Perhaps unnoticed is the song’s subtle shift to the pop side of country. There’s a small string section accompanying Price as well as tic-tac guitar foreshadowing what Price’s music was morphing into. That it is essentially inobtrusive may be due to how Price has involved the listener over the course of the album, casting the net wide, creating room for those who would soon feel that he had lost his way as well as for those who found the twangier side of country too homespun, too cornpone.

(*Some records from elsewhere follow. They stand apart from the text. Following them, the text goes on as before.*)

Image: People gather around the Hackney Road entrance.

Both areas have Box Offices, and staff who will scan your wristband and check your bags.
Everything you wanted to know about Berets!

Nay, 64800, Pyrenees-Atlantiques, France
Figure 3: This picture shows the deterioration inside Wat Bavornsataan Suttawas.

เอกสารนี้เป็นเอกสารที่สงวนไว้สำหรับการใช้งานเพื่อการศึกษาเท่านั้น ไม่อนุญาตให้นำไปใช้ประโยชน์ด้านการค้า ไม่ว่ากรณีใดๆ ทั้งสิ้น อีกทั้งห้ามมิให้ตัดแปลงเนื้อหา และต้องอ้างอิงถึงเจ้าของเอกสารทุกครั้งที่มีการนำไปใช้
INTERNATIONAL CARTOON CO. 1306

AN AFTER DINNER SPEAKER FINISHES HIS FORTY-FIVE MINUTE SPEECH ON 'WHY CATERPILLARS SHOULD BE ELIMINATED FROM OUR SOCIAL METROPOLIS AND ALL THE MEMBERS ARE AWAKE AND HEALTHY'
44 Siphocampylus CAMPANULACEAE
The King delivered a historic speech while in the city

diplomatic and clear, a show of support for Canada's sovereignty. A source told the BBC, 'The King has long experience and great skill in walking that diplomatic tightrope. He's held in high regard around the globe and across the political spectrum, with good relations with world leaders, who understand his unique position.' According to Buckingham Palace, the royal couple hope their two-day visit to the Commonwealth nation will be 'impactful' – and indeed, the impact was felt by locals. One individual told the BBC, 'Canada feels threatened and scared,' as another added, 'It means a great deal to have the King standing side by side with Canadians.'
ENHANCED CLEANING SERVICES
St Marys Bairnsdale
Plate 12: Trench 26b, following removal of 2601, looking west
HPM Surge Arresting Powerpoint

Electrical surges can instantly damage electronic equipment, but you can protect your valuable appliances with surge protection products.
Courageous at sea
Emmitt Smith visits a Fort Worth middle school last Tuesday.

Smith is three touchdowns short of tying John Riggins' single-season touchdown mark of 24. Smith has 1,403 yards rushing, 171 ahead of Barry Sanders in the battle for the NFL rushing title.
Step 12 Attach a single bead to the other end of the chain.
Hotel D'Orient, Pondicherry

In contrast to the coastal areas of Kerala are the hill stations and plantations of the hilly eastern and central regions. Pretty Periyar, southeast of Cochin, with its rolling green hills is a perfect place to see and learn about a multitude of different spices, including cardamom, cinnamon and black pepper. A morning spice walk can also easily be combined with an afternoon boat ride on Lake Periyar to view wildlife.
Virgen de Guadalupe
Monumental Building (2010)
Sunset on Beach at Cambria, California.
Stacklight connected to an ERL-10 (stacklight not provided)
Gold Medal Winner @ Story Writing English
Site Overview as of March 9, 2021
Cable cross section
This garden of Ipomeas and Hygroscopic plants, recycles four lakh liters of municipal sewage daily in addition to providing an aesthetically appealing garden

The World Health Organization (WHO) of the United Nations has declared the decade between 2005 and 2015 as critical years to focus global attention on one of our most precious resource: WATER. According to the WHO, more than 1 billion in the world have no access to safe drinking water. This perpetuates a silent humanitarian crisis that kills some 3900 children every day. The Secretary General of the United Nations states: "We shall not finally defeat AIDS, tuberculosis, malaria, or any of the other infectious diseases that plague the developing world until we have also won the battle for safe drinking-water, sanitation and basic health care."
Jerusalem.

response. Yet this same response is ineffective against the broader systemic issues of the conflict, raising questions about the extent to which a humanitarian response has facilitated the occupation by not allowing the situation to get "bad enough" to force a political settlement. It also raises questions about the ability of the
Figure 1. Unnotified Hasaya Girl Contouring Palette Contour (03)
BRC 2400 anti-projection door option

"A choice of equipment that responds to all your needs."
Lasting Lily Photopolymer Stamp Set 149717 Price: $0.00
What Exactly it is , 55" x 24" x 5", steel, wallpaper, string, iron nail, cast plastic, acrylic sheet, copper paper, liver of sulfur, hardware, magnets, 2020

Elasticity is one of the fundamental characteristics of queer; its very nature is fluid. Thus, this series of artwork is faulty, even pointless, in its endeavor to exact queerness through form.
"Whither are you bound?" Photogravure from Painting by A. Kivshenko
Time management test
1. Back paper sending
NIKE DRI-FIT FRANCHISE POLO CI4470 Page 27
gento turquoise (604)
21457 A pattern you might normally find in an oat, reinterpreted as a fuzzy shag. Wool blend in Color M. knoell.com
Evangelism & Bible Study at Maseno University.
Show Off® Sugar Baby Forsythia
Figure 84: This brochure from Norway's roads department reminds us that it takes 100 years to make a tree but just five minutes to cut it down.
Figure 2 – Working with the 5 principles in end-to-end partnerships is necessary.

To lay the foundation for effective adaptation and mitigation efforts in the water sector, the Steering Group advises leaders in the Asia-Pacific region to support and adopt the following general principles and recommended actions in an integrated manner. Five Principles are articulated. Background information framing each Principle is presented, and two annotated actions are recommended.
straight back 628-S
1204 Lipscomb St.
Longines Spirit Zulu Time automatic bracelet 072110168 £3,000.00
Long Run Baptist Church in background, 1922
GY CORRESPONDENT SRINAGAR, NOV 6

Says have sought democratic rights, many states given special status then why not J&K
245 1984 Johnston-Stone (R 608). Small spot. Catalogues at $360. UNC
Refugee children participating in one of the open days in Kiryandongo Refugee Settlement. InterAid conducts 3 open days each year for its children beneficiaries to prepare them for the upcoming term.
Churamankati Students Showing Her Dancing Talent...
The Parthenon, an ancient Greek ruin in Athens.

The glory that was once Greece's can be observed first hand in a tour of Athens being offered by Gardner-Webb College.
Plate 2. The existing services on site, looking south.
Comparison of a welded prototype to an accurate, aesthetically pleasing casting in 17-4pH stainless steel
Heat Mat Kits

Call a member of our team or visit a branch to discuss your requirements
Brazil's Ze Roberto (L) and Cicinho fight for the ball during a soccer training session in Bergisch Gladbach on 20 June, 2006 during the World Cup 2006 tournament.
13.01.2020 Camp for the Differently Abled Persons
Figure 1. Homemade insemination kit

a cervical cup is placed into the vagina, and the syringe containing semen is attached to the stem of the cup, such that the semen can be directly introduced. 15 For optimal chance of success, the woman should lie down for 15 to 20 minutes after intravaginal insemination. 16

Price and Night Life reminds that country is a sophisticated art form, as American as jazz and at its best when focused on our collective stories, both good and bad. If a country song does that, it ultimately doesn’t really matter how the music sounds. It’s about as authentic as music gets.
As I dive deeper into Country, I realize that there are hidden doors that I didn't know existed. I know Price pretty well and so appreciate your deeper analysis. I'm glad that when i first heard For the Good times back when it was a hit, that I listened intently and didn't turn the dial!
Some of my earliest memories are of a radio on top of the refrigerator and my mother dancing around the kitchen to the songs of Ray Price. She especially liked “Make the World Go Away”, and to this day when I hear it I remember the young woman she once was. Thanks again for you perspective.